Governance Implications and Theoretical Insights
The paper articulates explicit governance implications derived from empowerment-based agency phenotyping. As empowerment increases, effective governance transitions from external, structural controls (zero-agency) to preference shaping (intermediate-agency) and ultimately to internalist modulation (high-agency)—requiring engagement with the agent’s internal model, preferences, or normative priors. This principled phenomenological approach provides a variational bridge from computational agency measurement to AI governance strategies. The authors claim that contemporary governance frameworks will ultimately fail to address agency in advanced AI unless they incorporate mechanisms for modulating internal models and preferences.

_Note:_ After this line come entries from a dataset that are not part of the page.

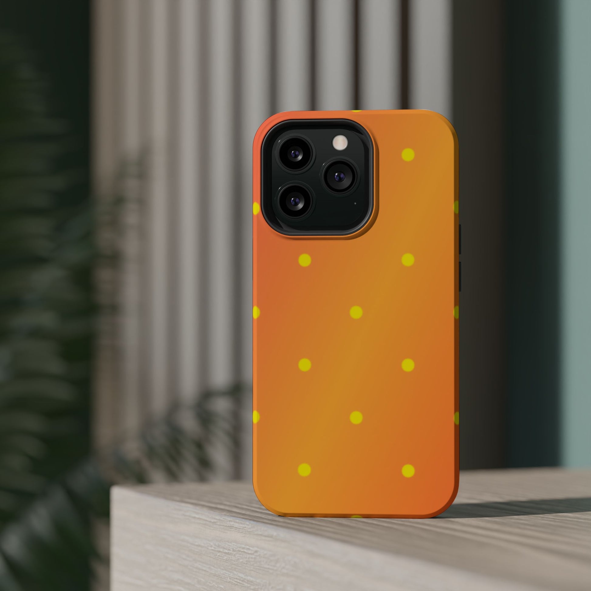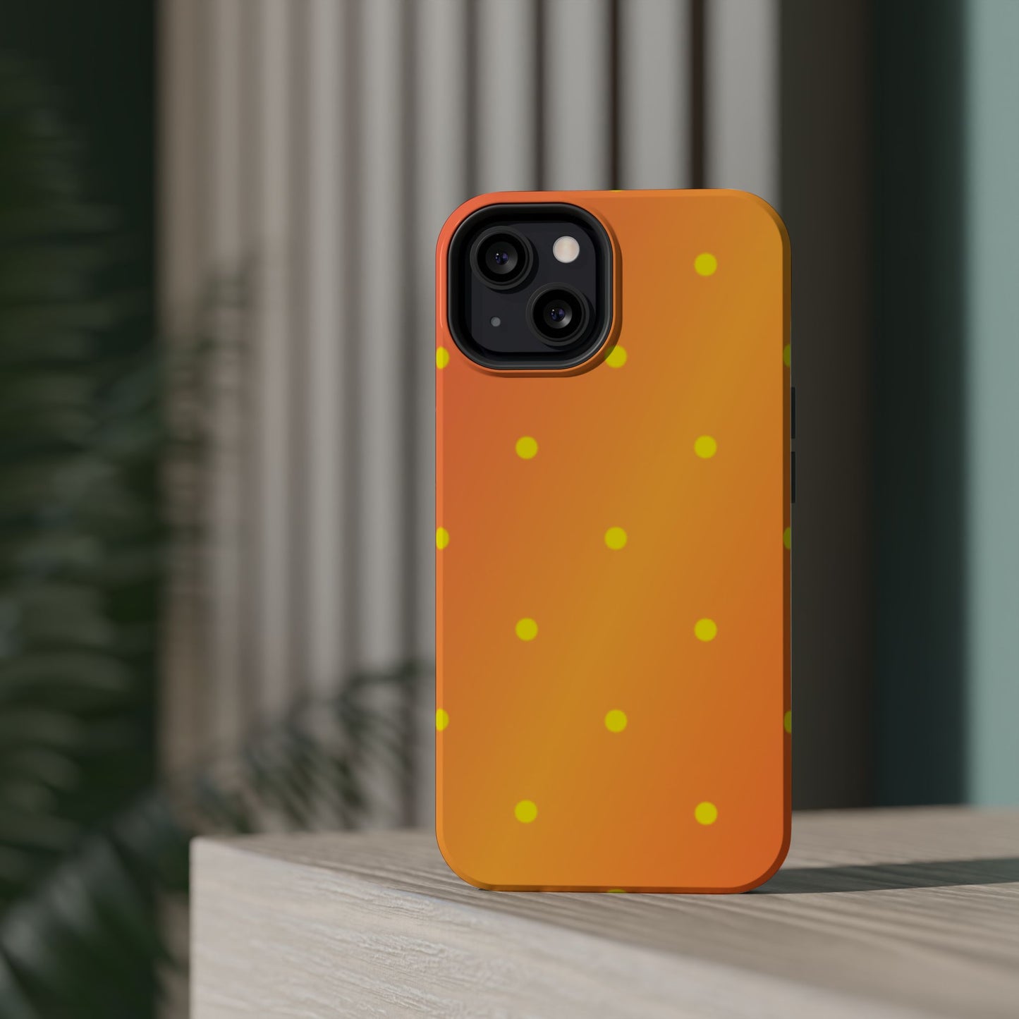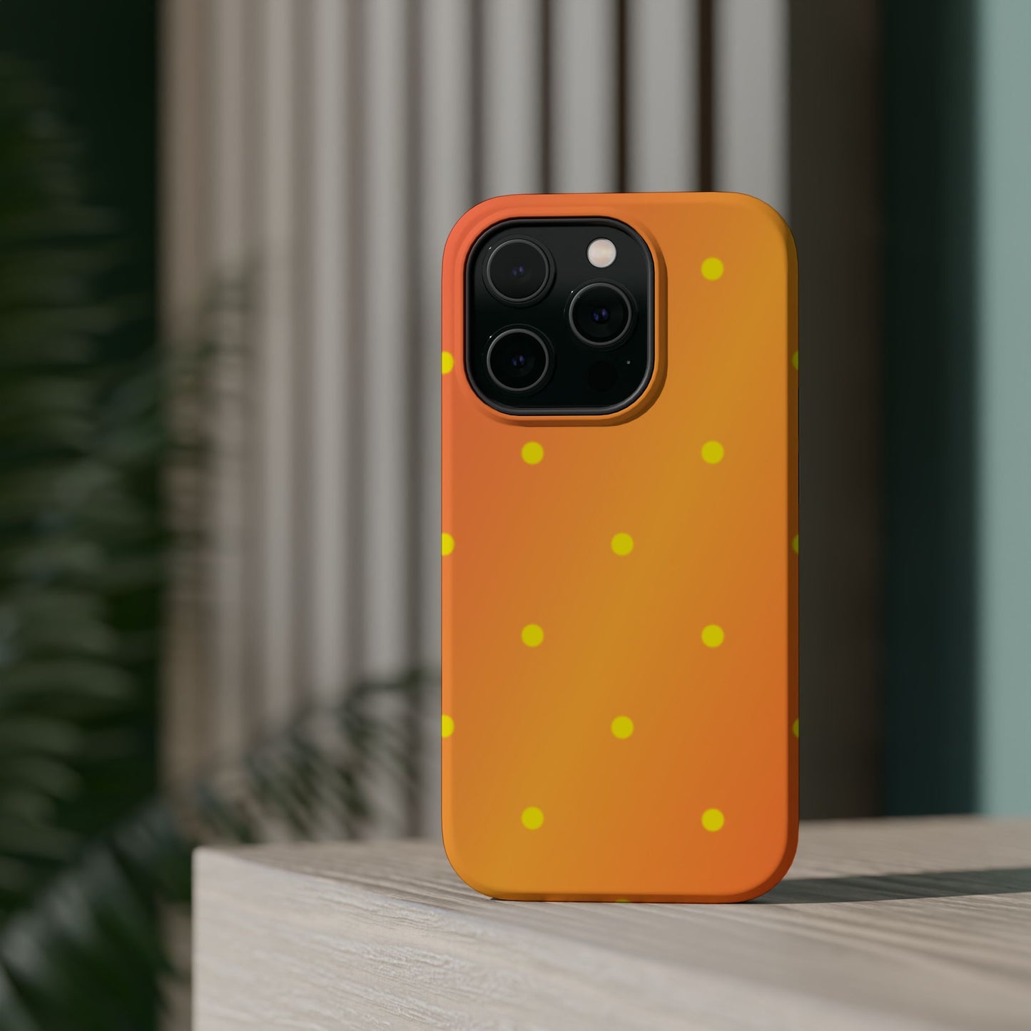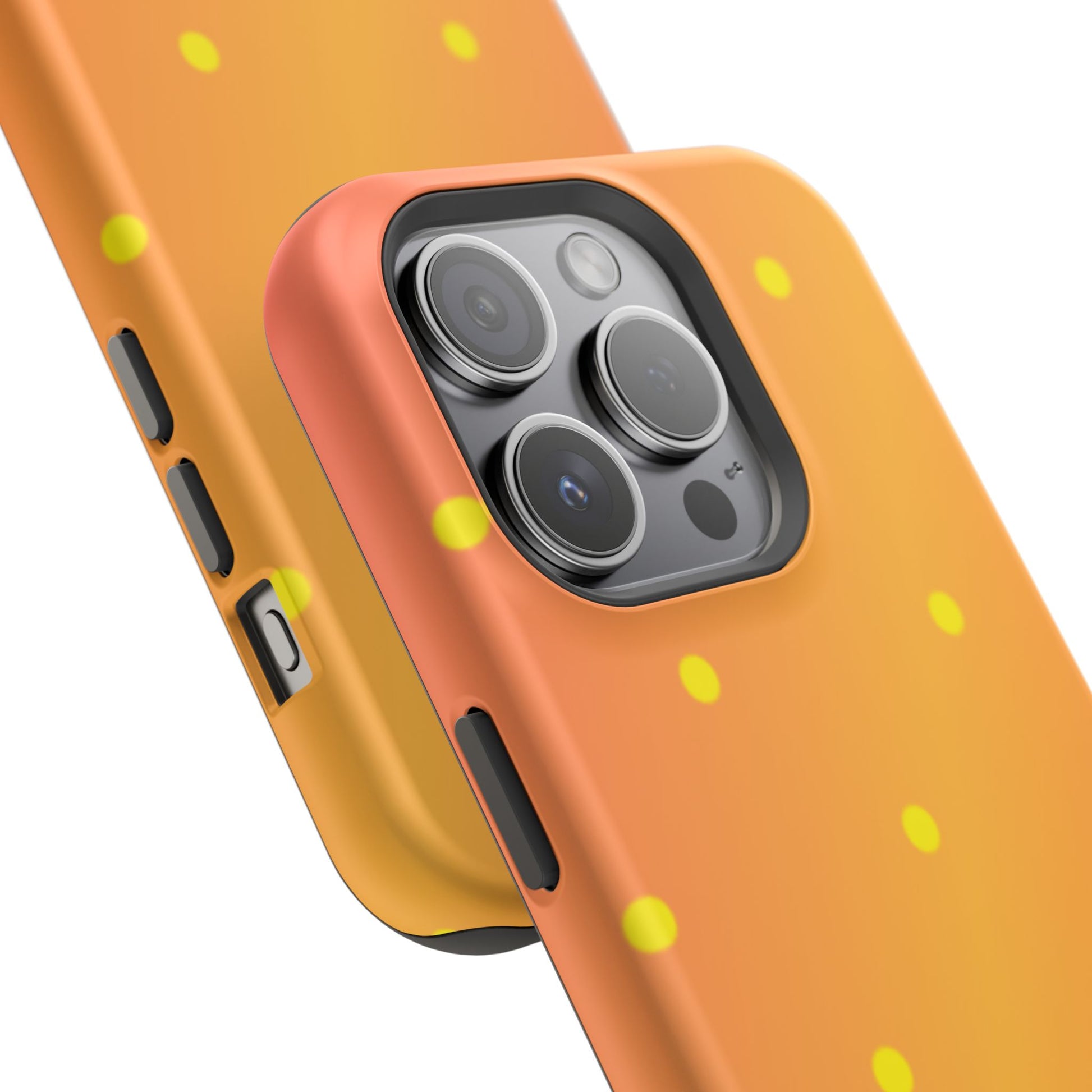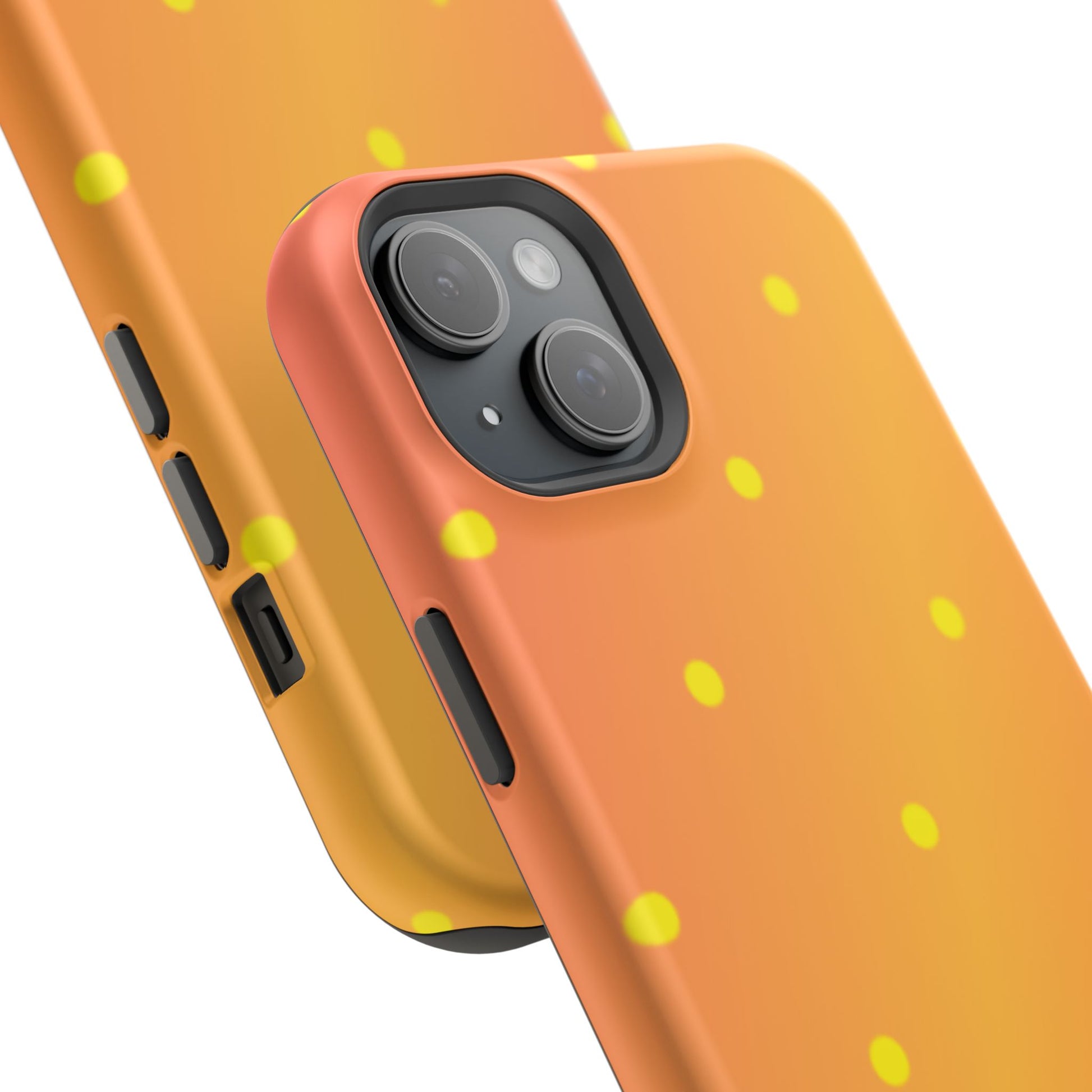 Brighten your day with our Sunset Gradient Polka Dots MagSafe iPhone Case, designed to add a burst of vibrant color to your phone. This case features a lively gradient blend of warm oranges, yellows, and hints of pink, creating a stunning sunset effect. Accentuated by playful yellow polka dots, it’s perfect for those who love a cheerful, retro-inspired vibe. Built with dual-layer protection, this case keeps your phone safe from bumps and scratches while looking effortlessly stylish.
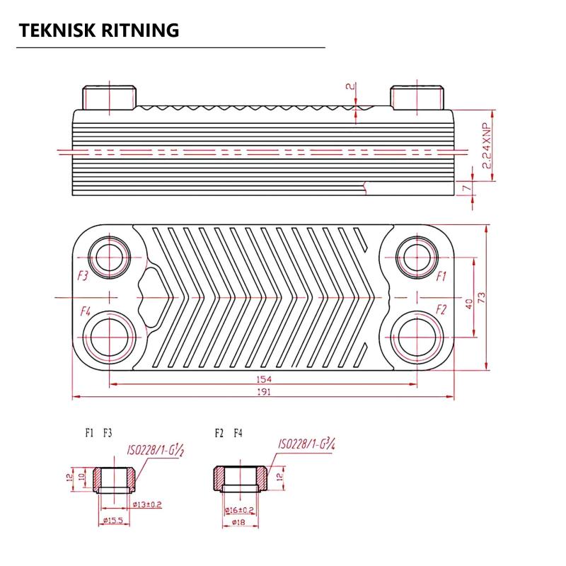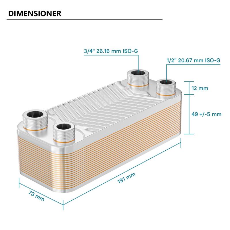 20 rader 44 kW Plattvärmeväxlare
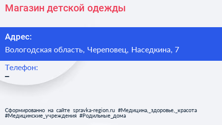 Магазин детской одежды по адресу Вологодская область, Череповец, Наседкина, 7 в дальнейшем Организация, размещена в следующих категориях:
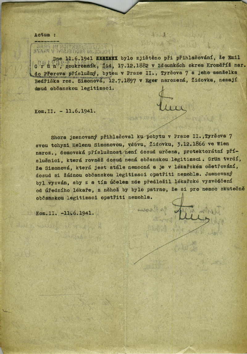 Nationalarchiv Prag > Polizei-Direktion Prag > 1941-1950 > G > Grün Emil
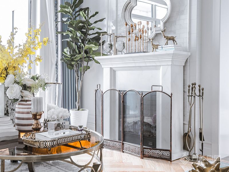 电视背景没有采用传统的电视背景,利用壁炉作为核心点,打造温度感,同时呈现高雅质感。
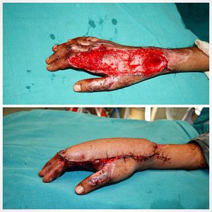 The accident resulted in dorsal composite soft tissue loss over his right hand. Anterolateral thigh free flap was grafted to the right hand dorsum.
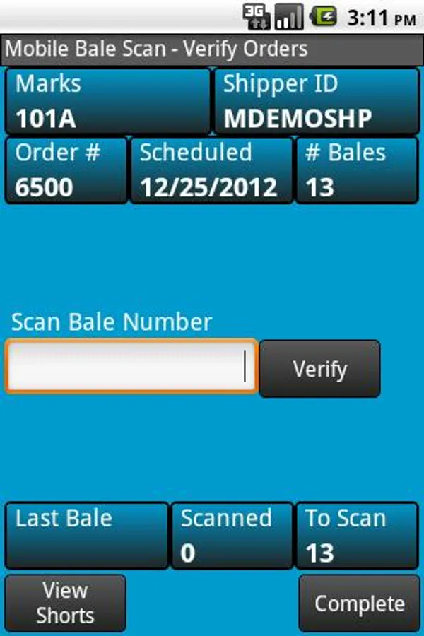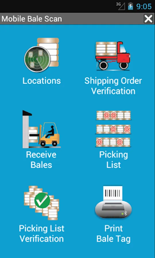 - Select a shipping order to work with by scanning the shipping order or marks barcode, or select manually from a list. Scan the bales being loaded onto the truck.

Furthermore, the framework has implications for AGI development, endorsing active inference as a candidate architecture for achieving general agentic capabilities. Intentionality, rationality, and explainability are necessary prerequisites for systems capable of real-world reasoning, autonomy, and risk-sensitive operational independence. As agentic AI systems advance, the societal implications proliferate: future governance must address agents capable of independent goal-setting and domain generalization.
Future Directions
This conceptual framework invites several lines of future research. The operationalization of empowerment metrics could be extended to larger, more complex environments and hierarchically structured generative models. Work toward disentangled latent states and monosemantic planning representations would enhance explainability and facilitate causal tracing of agentic behaviors. Preference-motivated exploration and information gain targeting specific modalities offer a refined approach to balancing epistemic and instrumental value. Finally, research integrating agency phenotyping with policy shaping and internal governance mechanisms holds promise for robust control of highly agentic AI systems.
Conclusion
The paper establishes active inference as a robust computational framework for phenotyping agency in AI, operationalizes empowerment as a discriminative metric, and delineates the governance strategies appropriate to varying levels of agency. By tying philosophical concepts of agency to formal generative models, it facilitates principled measurement and tuning of agentic traits in artificial systems. The approach provides a foundational bridge between computational psychiatry, AGI development, and AI governance, with clear implications for measuring, controlling, and interpreting agency as AI systems become increasingly autonomous and general (2604.23278).